Vorig jaar was hij nog minister-president van de Vlaamse regering. Die Vlaamse regering had, via minister Van Grembergen, de gemeenten laten weten dat de thesis van de omzendbrief-Peeters zou worden gehandhaafd. Minister Dewael heeft als minister-president van de Vlaamse regering altijd gezegd dat de omzendbrief-Peeters zou worden toegepast behalve wanneer hij eventueel zou worden vernietigd. Hij heeft zonet echter toegegeven dat zulks nog niet is gebeurd. In zijn hoedanigheid van minister-president gaf hij de heer Van Grembergen echter gelijk wanneer die verklaarde dat de oproepingsbrieven in het Nederlands moeten worden verstuurd en dat betrokkenen desgevallend een vertaling kunnen aanvragen. Dat is immers de interpretatie die de Vlaamse regering altijd aan de taalwetgeving heeft gegeven.

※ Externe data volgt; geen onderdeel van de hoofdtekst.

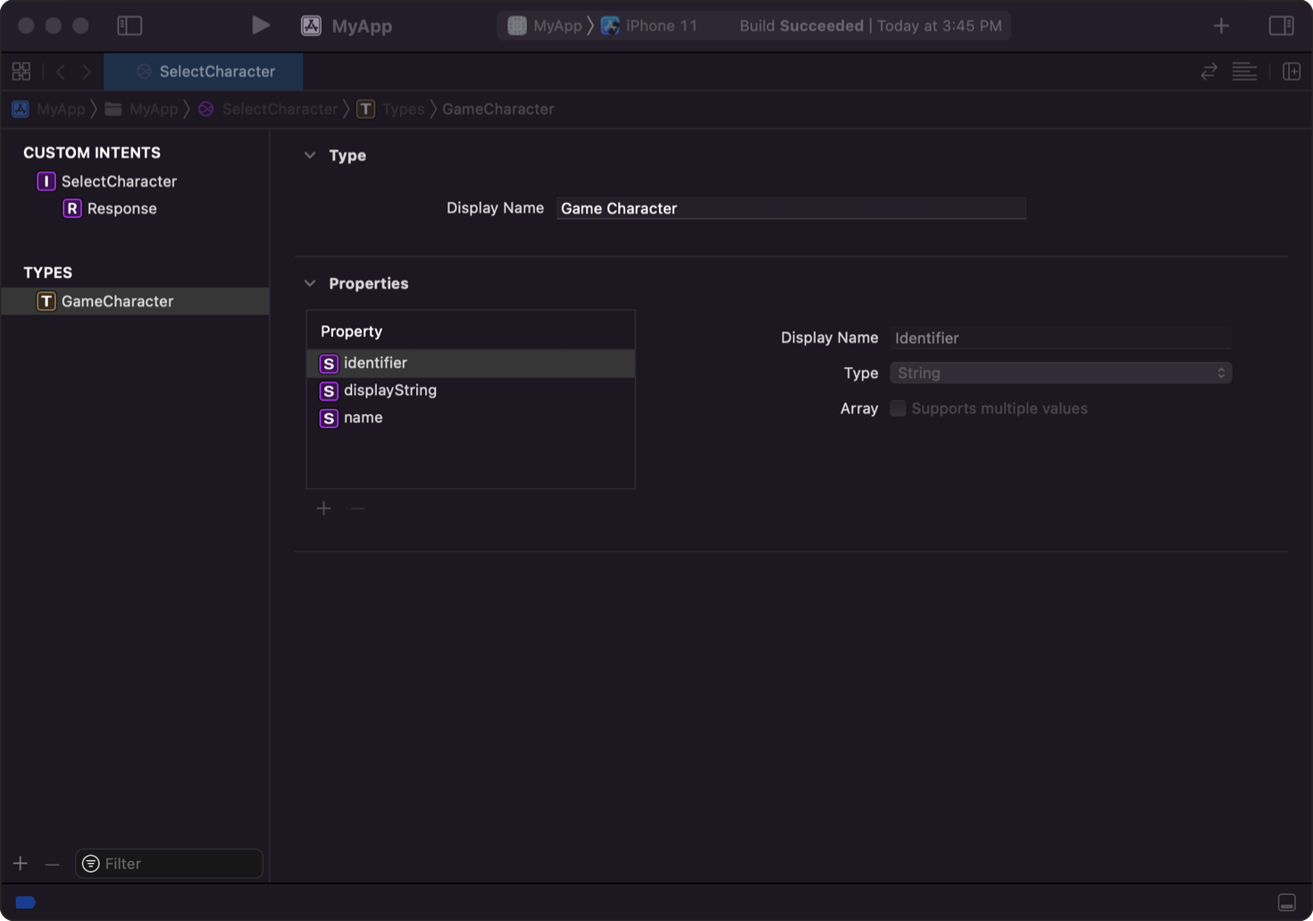 위에서 정의한 프로퍼티 리스트를 동적으로 보여주기 위해서 IntentsExtension을 추가해줘야 한다.

Een jaar later komt minister Dewael, die blijkbaar vergeet dat hij ooit minister-president van de Vlaamse regering was, verklaren dat hij het beleid van minister Duquesne zal voortzetten. De oproepingsbrieven zullen in de taal van de betrokkenen worden opgestuurd, dus in het Frans, het Nederlands of in de twee talen.
Dit is het zoveelste bewijs dat de heer Dewael de functie van minister-president van de Vlaamse regering slechts beschouwde als een overgang naar het einddoel dat hij voor ogen had, namelijk lid worden van de federale regering. Zijn eigen Vlaamse regeerakkoord heeft hij allang in de vuilnisbak gegooid.